-- Opening Marker --
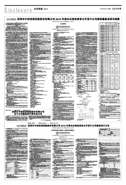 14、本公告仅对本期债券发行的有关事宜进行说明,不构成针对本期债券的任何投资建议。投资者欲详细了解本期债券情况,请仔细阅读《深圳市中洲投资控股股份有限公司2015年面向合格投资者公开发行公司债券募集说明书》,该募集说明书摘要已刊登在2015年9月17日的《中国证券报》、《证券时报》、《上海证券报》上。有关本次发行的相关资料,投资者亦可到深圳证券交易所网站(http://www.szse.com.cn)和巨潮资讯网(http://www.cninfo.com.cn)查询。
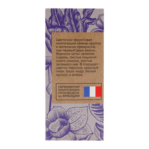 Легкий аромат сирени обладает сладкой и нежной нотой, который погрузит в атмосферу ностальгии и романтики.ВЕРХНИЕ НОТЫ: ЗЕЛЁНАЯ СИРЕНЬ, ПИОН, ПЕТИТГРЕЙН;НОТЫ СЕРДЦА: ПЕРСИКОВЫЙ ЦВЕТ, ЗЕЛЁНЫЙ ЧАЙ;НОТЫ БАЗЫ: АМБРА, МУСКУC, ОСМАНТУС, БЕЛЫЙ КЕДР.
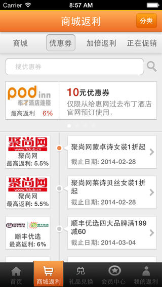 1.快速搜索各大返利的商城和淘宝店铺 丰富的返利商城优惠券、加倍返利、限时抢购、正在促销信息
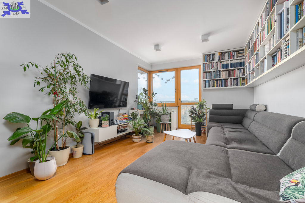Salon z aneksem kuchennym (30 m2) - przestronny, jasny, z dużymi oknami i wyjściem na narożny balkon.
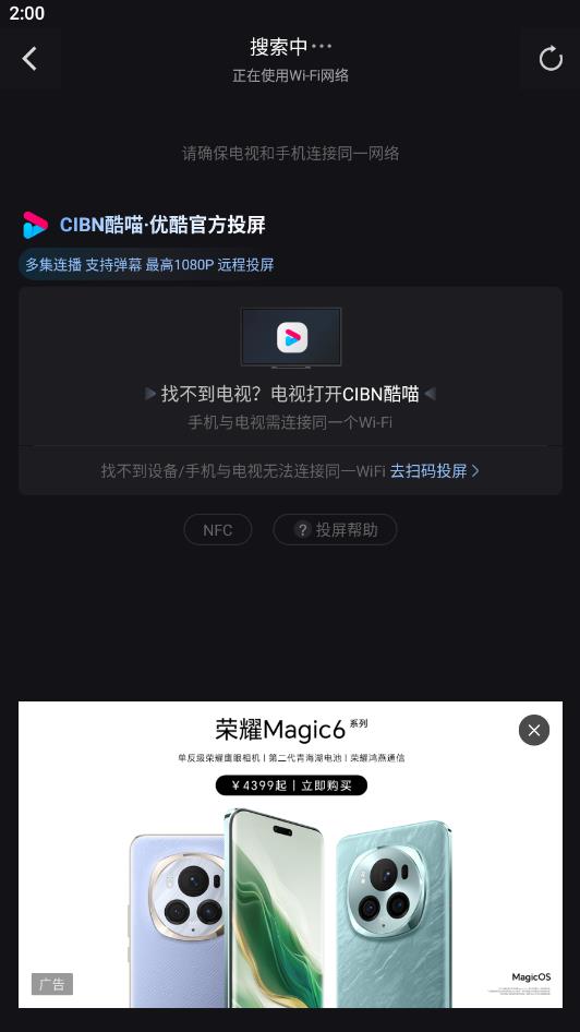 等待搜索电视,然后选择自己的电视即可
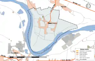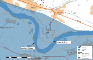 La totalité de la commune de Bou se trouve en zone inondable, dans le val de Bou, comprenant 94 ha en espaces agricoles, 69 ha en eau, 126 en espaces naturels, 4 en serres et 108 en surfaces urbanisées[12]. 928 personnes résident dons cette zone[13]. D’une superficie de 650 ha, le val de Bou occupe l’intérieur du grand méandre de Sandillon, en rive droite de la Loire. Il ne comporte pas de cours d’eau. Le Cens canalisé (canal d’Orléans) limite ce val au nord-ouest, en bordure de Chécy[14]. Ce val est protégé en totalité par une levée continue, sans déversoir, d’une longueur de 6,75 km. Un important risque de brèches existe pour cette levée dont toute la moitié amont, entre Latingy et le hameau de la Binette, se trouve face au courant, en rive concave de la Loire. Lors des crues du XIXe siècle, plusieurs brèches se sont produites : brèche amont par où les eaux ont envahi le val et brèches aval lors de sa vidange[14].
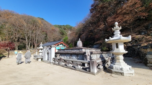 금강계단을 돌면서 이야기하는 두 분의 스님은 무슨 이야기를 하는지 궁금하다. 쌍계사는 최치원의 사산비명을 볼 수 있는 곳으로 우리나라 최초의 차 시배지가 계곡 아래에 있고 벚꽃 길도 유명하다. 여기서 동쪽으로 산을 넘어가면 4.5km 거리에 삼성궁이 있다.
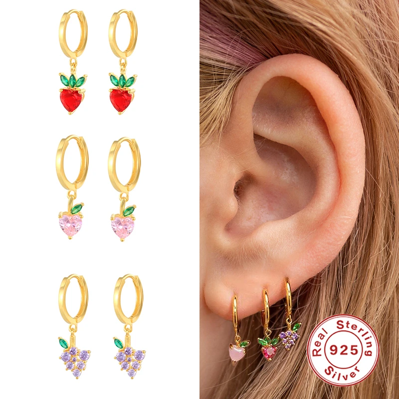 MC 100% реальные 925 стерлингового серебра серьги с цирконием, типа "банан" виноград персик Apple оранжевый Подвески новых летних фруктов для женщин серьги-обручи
-- Closing Marker --
◆ What to produce ◆
Please output the records above exactly, without the pictures.

◆ Result below ◆
 14、本公告仅对本期债券发行的有关事宜进行说明,不构成针对本期债券的任何投资建议。投资者欲详细了解本期债券情况,请仔细阅读《深圳市中洲投资控股股份有限公司2015年面向合格投资者公开发行公司债券募集说明书》,该募集说明书摘要已刊登在2015年9月17日的《中国证券报》、《证券时报》、《上海证券报》上。有关本次发行的相关资料,投资者亦可到深圳证券交易所网站(http://www.szse.com.cn)和巨潮资讯网(http://www.cninfo.com.cn)查询。
 Легкий аромат сирени обладает сладкой и нежной нотой, который погрузит в атмосферу ностальгии и романтики.ВЕРХНИЕ НОТЫ: ЗЕЛЁНАЯ СИРЕНЬ, ПИОН, ПЕТИТГРЕЙН;НОТЫ СЕРДЦА: ПЕРСИКОВЫЙ ЦВЕТ, ЗЕЛЁНЫЙ ЧАЙ;НОТЫ БАЗЫ: АМБРА, МУСКУC, ОСМАНТУС, БЕЛЫЙ КЕДР.
 1.快速搜索各大返利的商城和淘宝店铺 丰富的返利商城优惠券、加倍返利、限时抢购、正在促销信息
Salon z aneksem kuchennym (30 m2) - przestronny, jasny, z dużymi oknami i wyjściem na narożny balkon.
 等待搜索电视,然后选择自己的电视即可
 La totalité de la commune de Bou se trouve en zone inondable, dans le val de Bou, comprenant 94 ha en espaces agricoles, 69 ha en eau, 126 en espaces naturels, 4 en serres et 108 en surfaces urbanisées[12]. 928 personnes résident dons cette zone[13]. D’une superficie de 650 ha, le val de Bou occupe l’intérieur du grand méandre de Sandillon, en rive droite de la Loire. Il ne comporte pas de cours d’eau. Le Cens canalisé (canal d’Orléans) limite ce val au nord-ouest, en bordure de Chécy[14]. Ce val est protégé en totalité par une levée continue, sans déversoir, d’une longueur de 6,75 km. Un important risque de brèches existe pour cette levée dont toute la moitié amont, entre Latingy et le hameau de la Binette, se trouve face au courant, en rive concave de la Loire. Lors des crues du XIXe siècle, plusieurs brèches se sont produites : brèche amont par où les eaux ont envahi le val et brèches aval lors de sa vidange[14].
 금강계단을 돌면서 이야기하는 두 분의 스님은 무슨 이야기를 하는지 궁금하다. 쌍계사는 최치원의 사산비명을 볼 수 있는 곳으로 우리나라 최초의 차 시배지가 계곡 아래에 있고 벚꽃 길도 유명하다. 여기서 동쪽으로 산을 넘어가면 4.5km 거리에 삼성궁이 있다.
 MC 100% реальные 925 стерлингового серебра серьги с цирконием, типа "банан" виноград персик Apple оранжевый Подвески новых летних фруктов для женщин серьги-обручи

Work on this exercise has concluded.